Then there are style incompatibilities. My mother’s only daughter, my sister Jeni, went out of this life earlier than we expected, but Jeni was not very sentimental, and she was also blunt. There were a few things I think she had earmarked among my mother’s treasures that she would have taken had she lived longer, but for the most part she had her own style that was different. Jeni’s daughters mostly value a modern style, cleaner lines, more empty space, less clutter and less ornament, a style more suited to apartment living. One of them is a missionary in Africa, and she and her husband indeed live light on the earth.
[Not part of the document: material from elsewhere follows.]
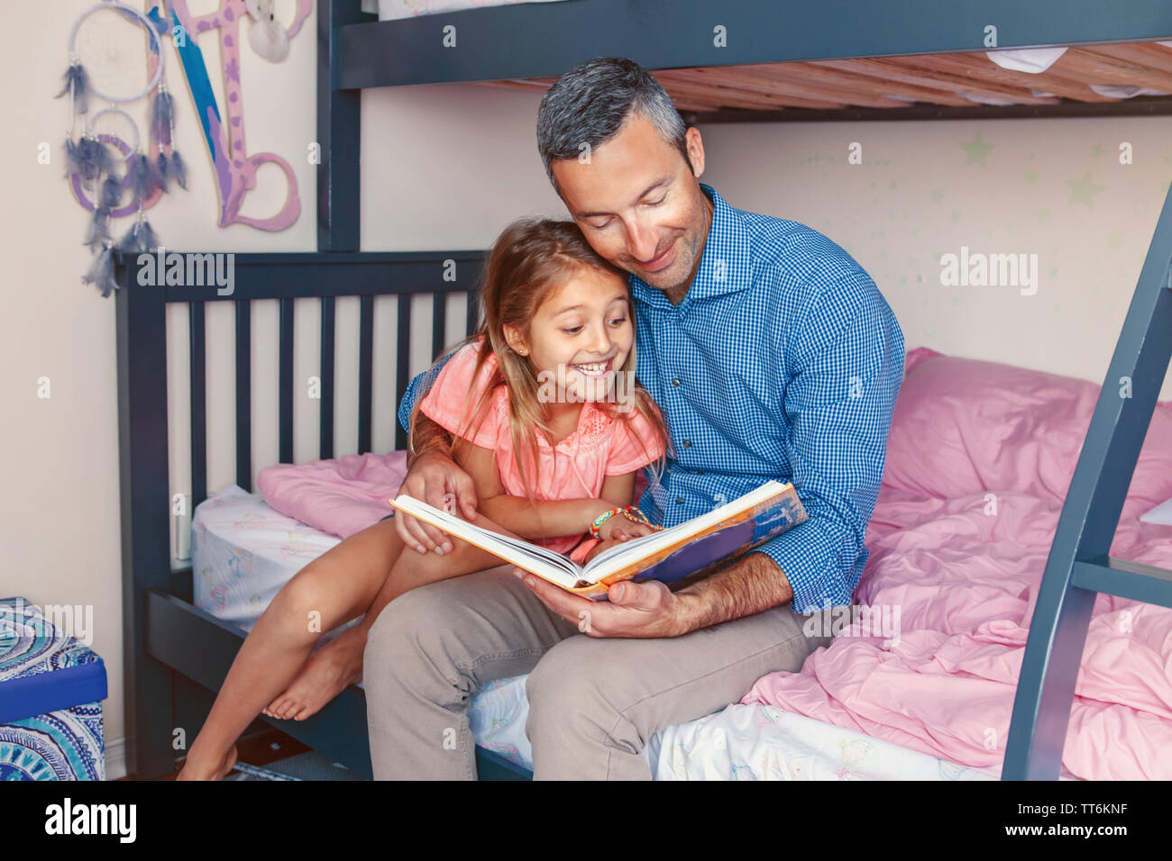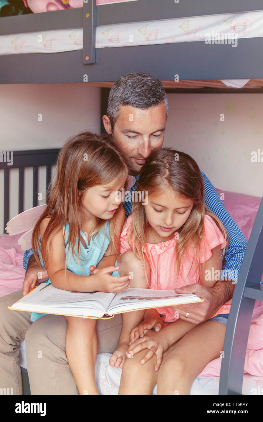 Imagen De Padres E Hijas Libro De Lectura Al Acostarse Fotografia De Stock

While Mom sizes the situation up I nod sympathetically. Not empathetically but sympathetically, because I feel her pain. I’m a keeper. Despite great strides made by me in recent years in throwing things out, I still seem to find myself standing in piles of things that I can’t really use for anything but to which I am attached by a feeling that they have inherent value that is not utilitarian. The basement of my life continues to cough up useless but keepish items the way farmers’ fields grow stones. They just rise up with the freeze-thaw of life’s seasons, no matter how many wagon loads are carted away.

Scratch-built, hand-painted, unique in all the world. And about to be terminated.

Scratch-built, hand-painted, unique in all the world. And about to be terminated.

Another view. The middle section is precariously balanced on its paper-thin wheels.

Another view. The middle section is precariously balanced on its paper-thin wheels.

One such item is a tiny balsa-wood model of an electric locomotive that my Uncle Jim made from scratch and gave to his littlest brother, my dad. I don’t remember when Dad gave it to me or where he had stashed it all those years; maybe in his top dresser drawer, maybe in one of the many cluttered cabinets in his shop. I took it because he handed it to me, and because I liked the picture in my head of how delighted my dad, as a boy, would have been to have received this amazing piece of craftsmanship from his older brother. Jim was the first of six kids, and something like thirteen or fourteen years older than my dad, who was the last. Jim was the family hero; he went to sea in the Merchant Marine, and was the first to go to war. Looking at this little model, seeing the fine paint work and the individually applied rods and electric thingies and hand rails, and thinking that he made it for his kid brother Billy, just gives me a good feeling.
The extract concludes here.